> [Given information]
#####

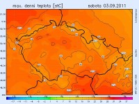 V prvním zářijovém pracovním týdnu očekáváme převážně velkou oblačnost, na většině území s občasným deštěm nebo přeháňkami, v pondělí místy i bouřky. Postupně se bude ochlazovat – v pondělí ještě naměříme až 26 °C, postupně nejčastěji 18 až 24 °C. Ranní teploty se budou nejčastěji pohybovat mezi 13 až 8 °C.
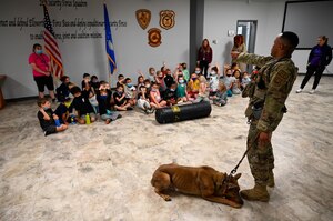 Defenders from the 28th Security Forces Squadron hosted a field trip for the School Age Care program June 25 at Ellsworth Air Force Base. During the trip, the children toured the squadron, explored a police vehicle and viewed a military working dog demonstration. The 28th SFS hosts these tours to
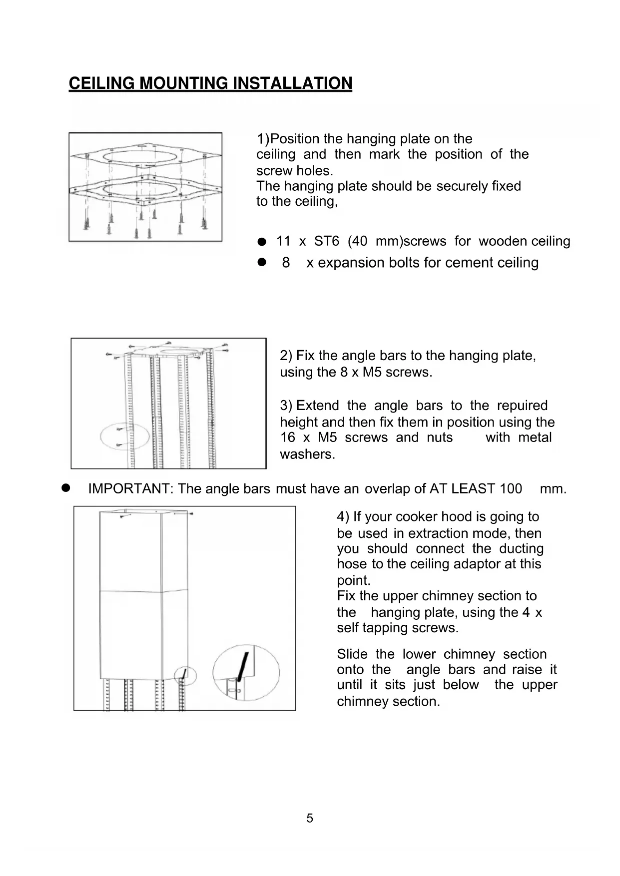 be used in extraction mode, then you should connect the ducting hose to the ceiling adaptor at this point. Fix the upper chimney section to the hanging plate, using the 4 x self tapping screws. Slide the lower chimney section onto the angle bars and raise it until it sits just below the upper chimney section.

#####

Would you return the whole listing above exactly as written, skipping any image?

> [Exercise output]
 V prvním zářijovém pracovním týdnu očekáváme převážně velkou oblačnost, na většině území s občasným deštěm nebo přeháňkami, v pondělí místy i bouřky. Postupně se bude ochlazovat – v pondělí ještě naměříme až 26 °C, postupně nejčastěji 18 až 24 °C. Ranní teploty se budou nejčastěji pohybovat mezi 13 až 8 °C.
 Defenders from the 28th Security Forces Squadron hosted a field trip for the School Age Care program June 25 at Ellsworth Air Force Base. During the trip, the children toured the squadron, explored a police vehicle and viewed a military working dog demonstration. The 28th SFS hosts these tours to
 be used in extraction mode, then you should connect the ducting hose to the ceiling adaptor at this point. Fix the upper chimney section to the hanging plate, using the 4 x self tapping screws. Slide the lower chimney section onto the angle bars and raise it until it sits just below the upper chimney section.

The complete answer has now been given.